(Beginning of RECORDED DATA)

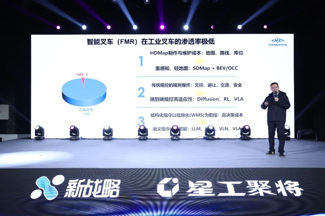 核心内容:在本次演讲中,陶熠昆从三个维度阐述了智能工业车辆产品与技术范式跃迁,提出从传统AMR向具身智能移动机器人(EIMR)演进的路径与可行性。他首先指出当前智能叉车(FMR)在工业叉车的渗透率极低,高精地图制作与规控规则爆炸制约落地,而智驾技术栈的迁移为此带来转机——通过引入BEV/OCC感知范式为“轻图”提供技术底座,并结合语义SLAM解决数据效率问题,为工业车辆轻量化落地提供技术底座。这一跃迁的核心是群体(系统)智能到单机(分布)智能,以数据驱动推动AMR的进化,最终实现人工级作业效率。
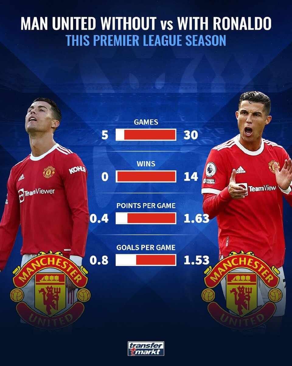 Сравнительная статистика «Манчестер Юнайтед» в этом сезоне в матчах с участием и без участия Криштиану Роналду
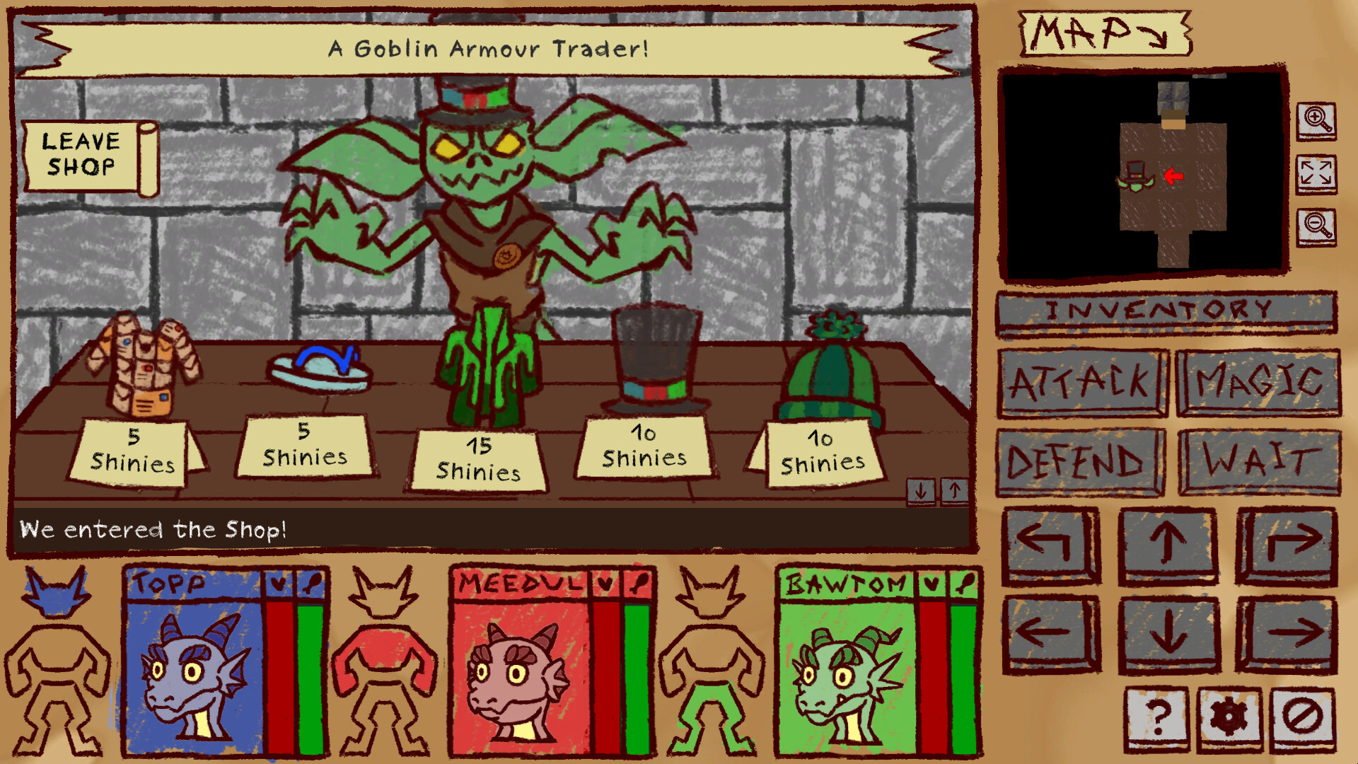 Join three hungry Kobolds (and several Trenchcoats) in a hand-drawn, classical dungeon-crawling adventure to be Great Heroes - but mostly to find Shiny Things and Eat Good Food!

(End of RECORDED DATA)
(Beginning of RECORDED DATA)

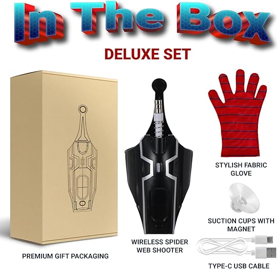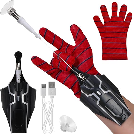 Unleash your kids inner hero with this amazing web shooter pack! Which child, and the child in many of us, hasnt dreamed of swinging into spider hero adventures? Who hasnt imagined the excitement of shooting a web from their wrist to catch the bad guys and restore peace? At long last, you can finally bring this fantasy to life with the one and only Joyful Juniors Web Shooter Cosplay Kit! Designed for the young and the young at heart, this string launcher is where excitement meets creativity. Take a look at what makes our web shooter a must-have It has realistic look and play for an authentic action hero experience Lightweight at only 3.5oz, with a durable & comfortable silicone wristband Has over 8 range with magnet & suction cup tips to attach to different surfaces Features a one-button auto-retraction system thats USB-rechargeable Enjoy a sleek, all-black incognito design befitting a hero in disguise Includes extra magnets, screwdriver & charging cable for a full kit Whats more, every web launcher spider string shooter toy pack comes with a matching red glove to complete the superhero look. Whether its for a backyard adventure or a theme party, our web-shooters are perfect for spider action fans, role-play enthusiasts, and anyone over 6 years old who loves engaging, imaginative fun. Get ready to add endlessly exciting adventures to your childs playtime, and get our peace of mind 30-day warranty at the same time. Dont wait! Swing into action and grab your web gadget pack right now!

(End of RECORDED DATA)

Leaving all pictures out, output exactly the lines of the material above from the line with "核心内容:在本次演讲中,陶熠" to the line with "Join three hungry", both included.

 核心内容:在本次演讲中,陶熠昆从三个维度阐述了智能工业车辆产品与技术范式跃迁,提出从传统AMR向具身智能移动机器人(EIMR)演进的路径与可行性。他首先指出当前智能叉车(FMR)在工业叉车的渗透率极低,高精地图制作与规控规则爆炸制约落地,而智驾技术栈的迁移为此带来转机——通过引入BEV/OCC感知范式为“轻图”提供技术底座,并结合语义SLAM解决数据效率问题,为工业车辆轻量化落地提供技术底座。这一跃迁的核心是群体(系统)智能到单机(分布)智能,以数据驱动推动AMR的进化,最终实现人工级作业效率。
 Сравнительная статистика «Манчестер Юнайтед» в этом сезоне в матчах с участием и без участия Криштиану Роналду
 Join three hungry Kobolds (and several Trenchcoats) in a hand-drawn, classical dungeon-crawling adventure to be Great Heroes - but mostly to find Shiny Things and Eat Good Food!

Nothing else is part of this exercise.